WorldOlympiad:视频世界模型三项全能评测基准
阅读原文· arxiv.orgWorldOlympiad 将视频世界模型评估分解为物理、几何和交互三个维度。物理轨道用物体分割和 MLLM-as-judge 检验视频对力学、热现象、材料属性等规则的遵循;几何轨道以高斯泼溅重建评估结构一致性、跨视角连贯性与相机轨迹对齐;交互轨道评测模型能否按复杂动作提示生成连贯长程视频。基准覆盖游戏、机器人和通用真实视频三大场景。实验表明,当前最先进模型在物理推理、3D 一致性和长程交互上存在显著差距。
We introduce WorldOlympiad, a benchmark for diagnosing video-based world models across physical faithfulness, geometric consistency, and interaction fidelity. While existing benchmarks often focus on visual quality, semantic alignment, or short-term temporal coherence, they provide limited insight into whether generated videos obey physical rules, preserve coherent 3D structure, and sustain controllable interactions over long horizons. To address this gap, WorldOlympiad decomposes world-model evaluation into three complementary dimensions. The physical track uses object segmentation and MLLM-as-judge to assess whether generated videos follow interpretable rules in mechanics, thermal phenomena, and material properties.
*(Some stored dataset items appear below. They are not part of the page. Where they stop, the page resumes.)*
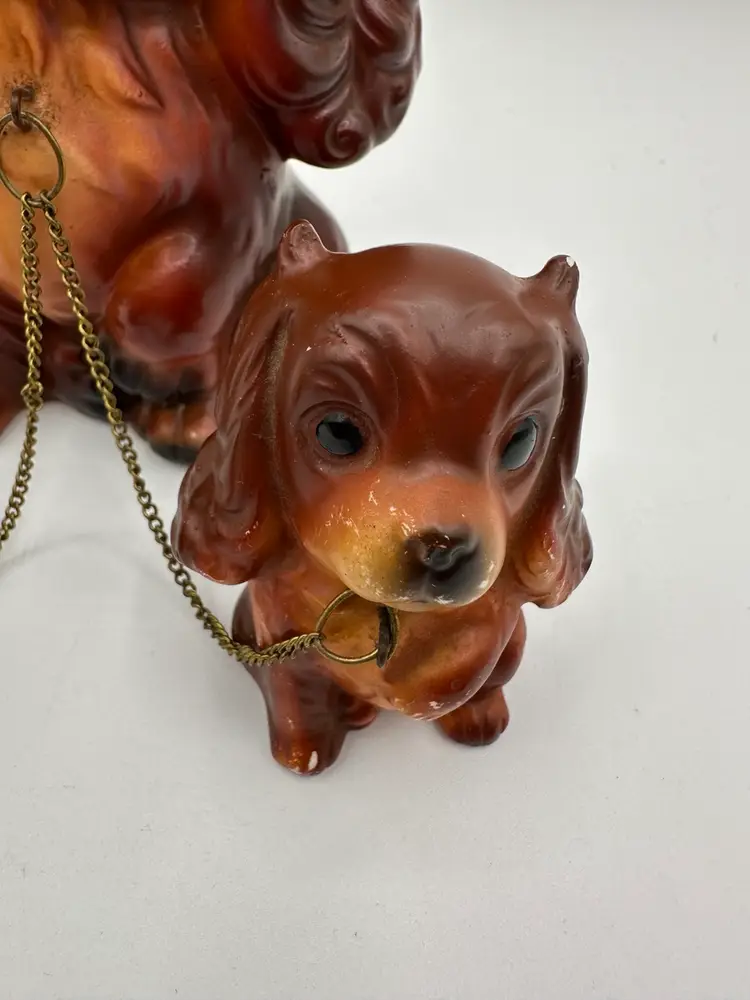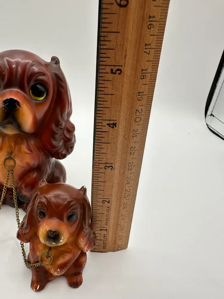 These vintage cocker spaniels are big eyed and adorable. They do have some vintage ware witj slight paint that has worn off, as seen in pictures. No chips or cracks
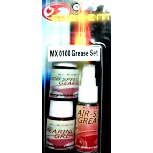 ELEMENT GREASE SET CONTINE O COMBINATIE DE RECIPIENTE CU VASELINA SILICONICA IN DIVERSE GRADE DE VASCOZITATE, SPECIALE PENTRU LUBRIFIEREA ANGRENAJELOR SI MECANISMELOR LA ARME AIRSOFT CU PROPULSIE ELECTRICA (A.E.G. AIRSOFT ELECTRIC GUN)
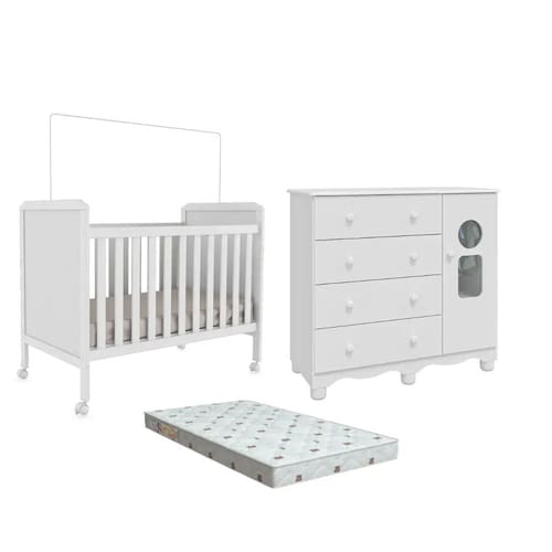O Berço Cloe é um produto padrão americano, fabricado 100% em MDF e possui pintura atóxica. Seu estrado possui altura regulável e é fabricado em MDF e madeira/laminado de madeira. As grades são fabricadas em chapas de 25 e 12 mm. O quadro das cabeceiras é também em chapa de 25 mm. Possui bordas arredondadas e laqueadas, proporcionando maior segurança e uma sensação agradável ao toque.
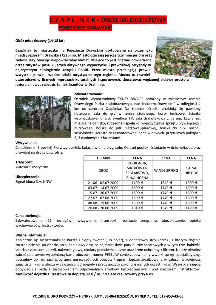 zabrać poprawnie wypełnioną kartę obozową, numer PESEL.W cenie zapewniamy wszelki sprzęt specjalistyczny,
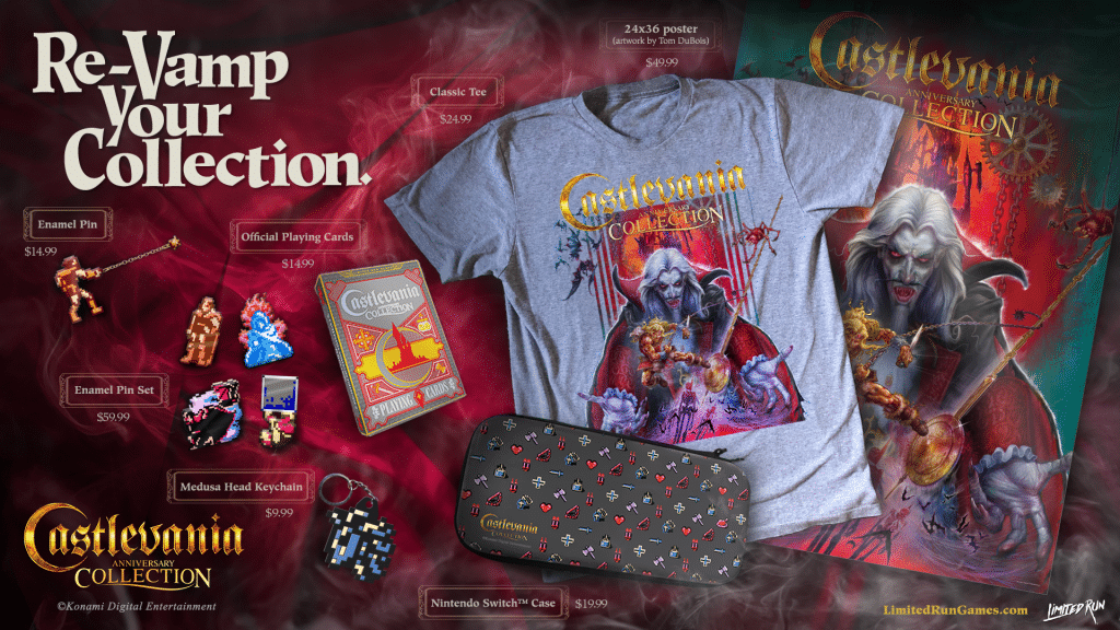 In addition to the physical releases, Limited Run is bringing out new merch for Castlevania fans. The Castlevania Anniversary Collection (which should start shipping sometime soon) has new merch including playing cards, a Nintendo Switch case, a t-shirt, posters, pins, and more.
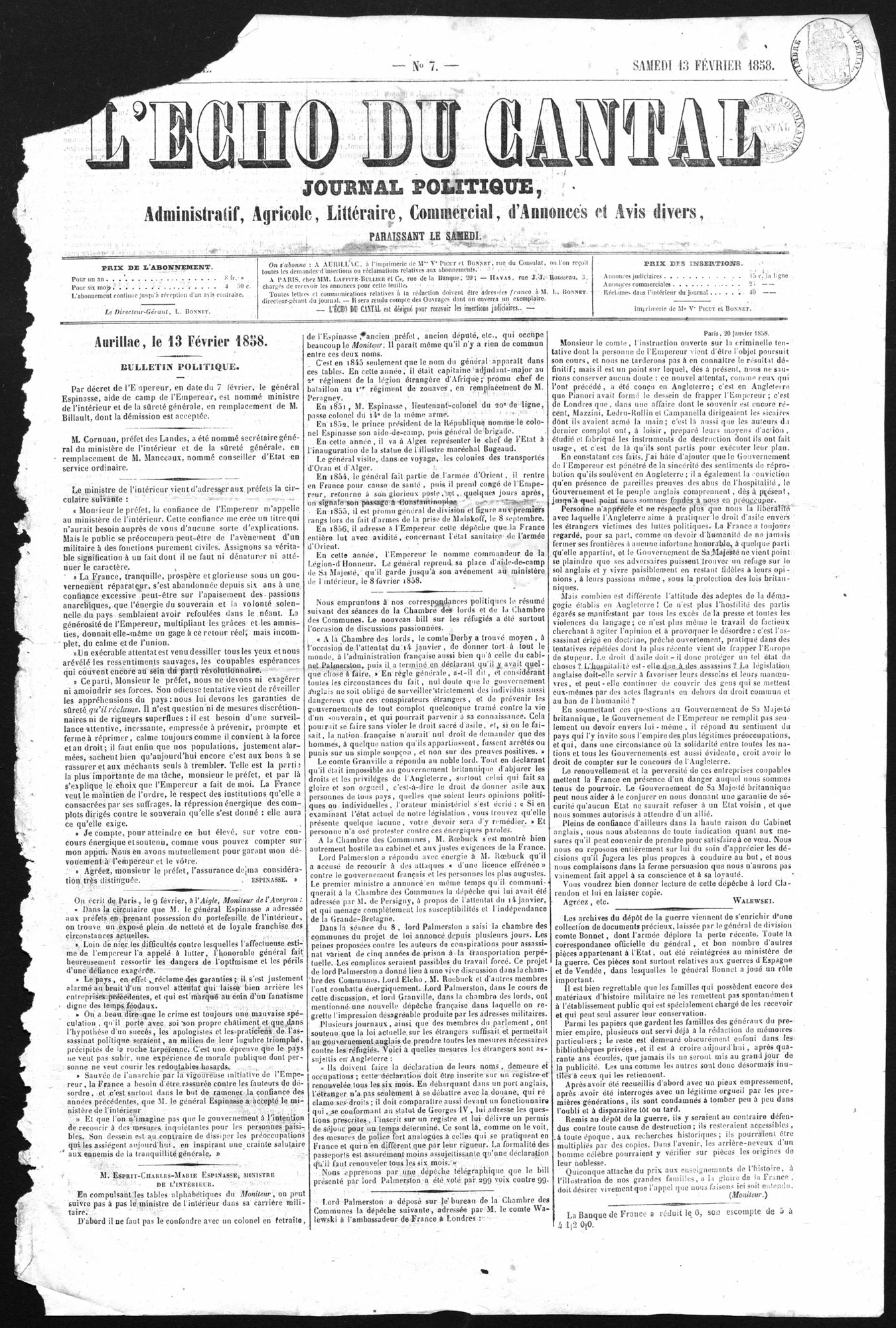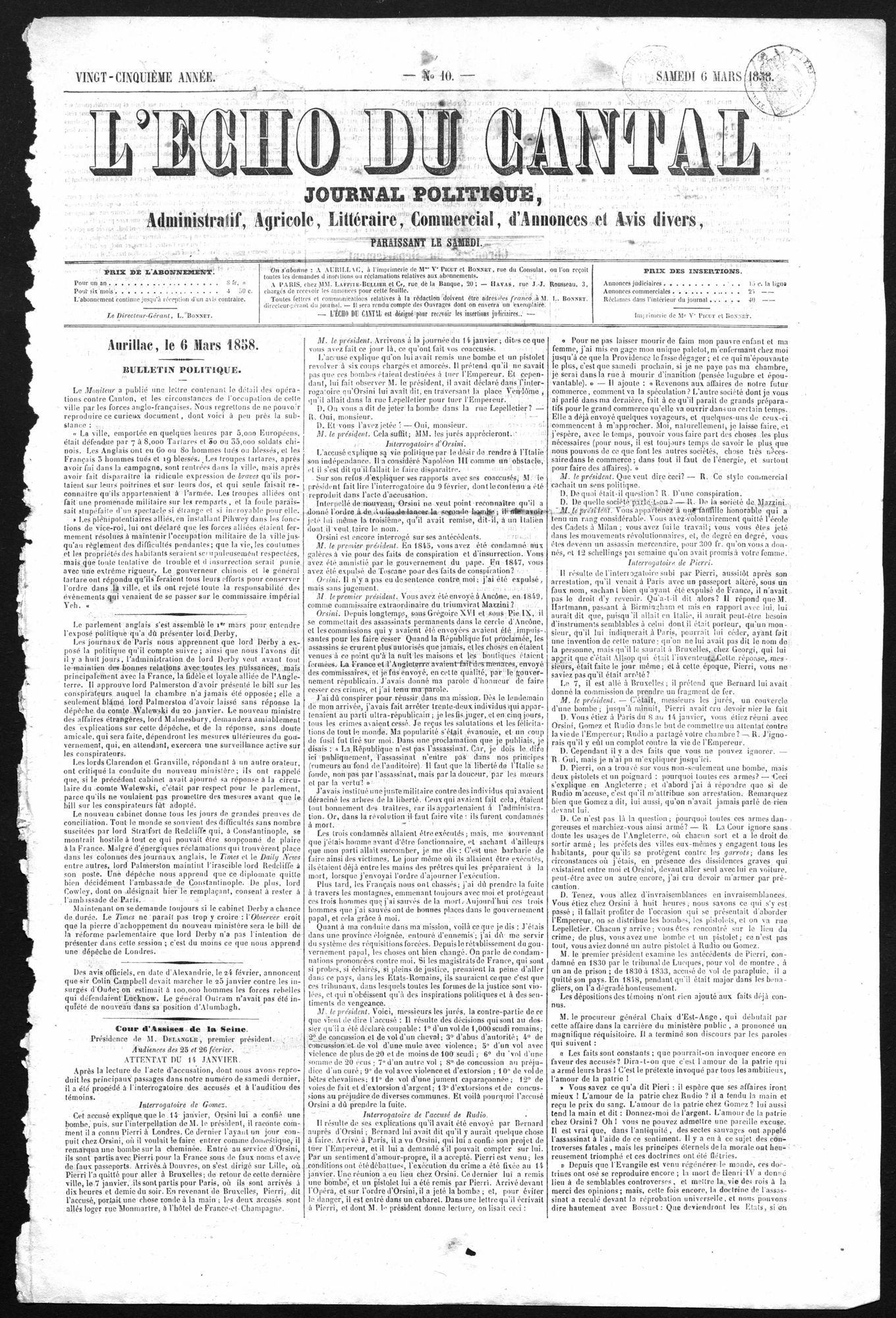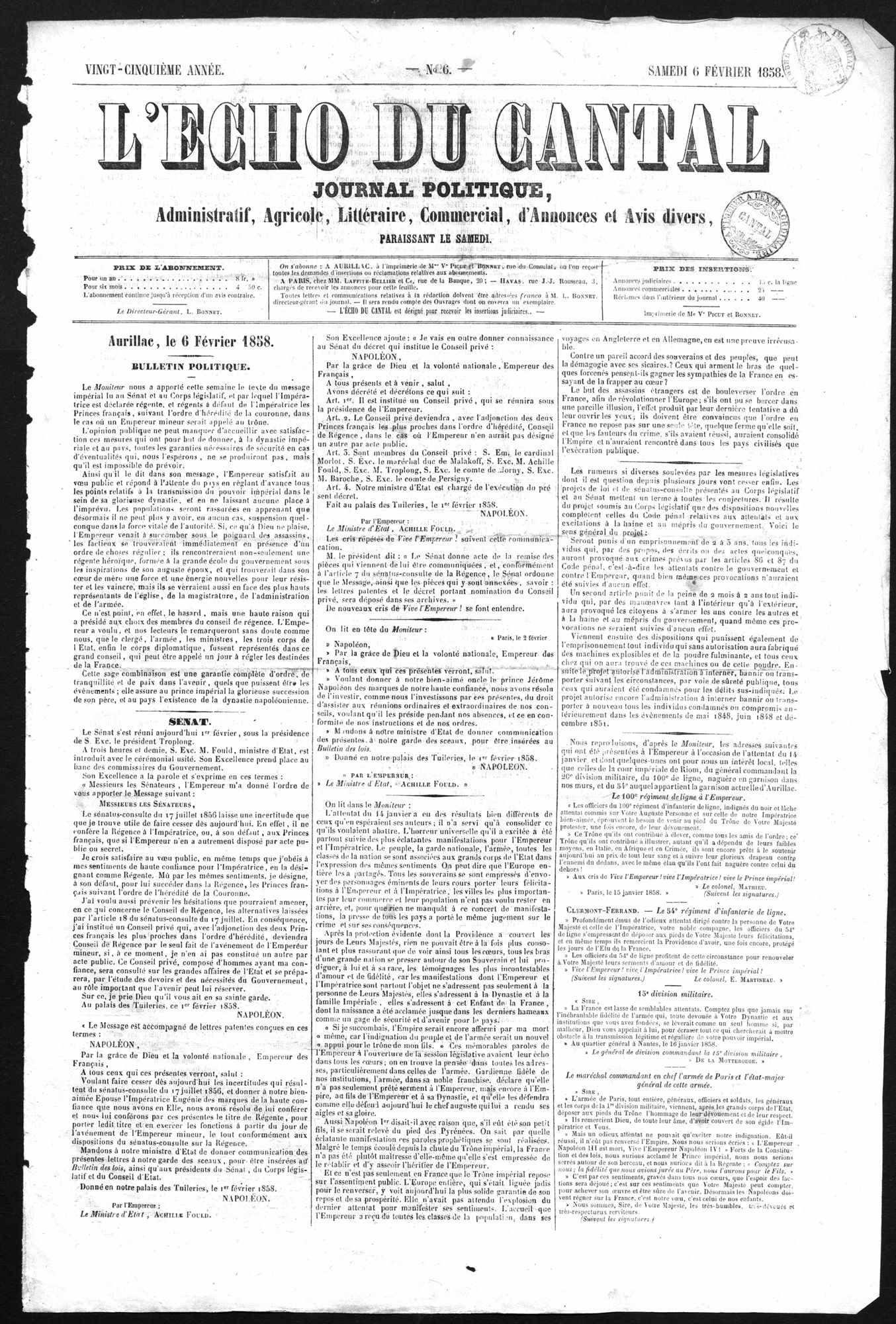 n° 6 : 6 février 1858, 2 JOUR 7, 1858, L'Echo du Cantal, Presse numérisée

The geometry track reconstructs generated videos with Gaussian splatting and evaluates structural consistency, cross-view coherence, and camera-trajectory alignment. The interaction track assesses whether generated rollouts follow complex action prompts and maintain smooth, coherent transitions across consecutive video chunks. WorldOlympiad further covers three major downstream scenarios, including gaming, robotics, and general real-world videos, capturing diverse challenges from interactive control and embodied manipulation to open-domain motion and camera dynamics. Together, these tracks and scenarios form a scalable and interpretable evaluation suite that exposes failure modes beyond generic video quality. Experiments on state-of-the-art models reveal substantial gaps in physical reasoning, 3D consistency, and long-horizon interaction, underscoring the need for more structured evaluation protocols for generative world models.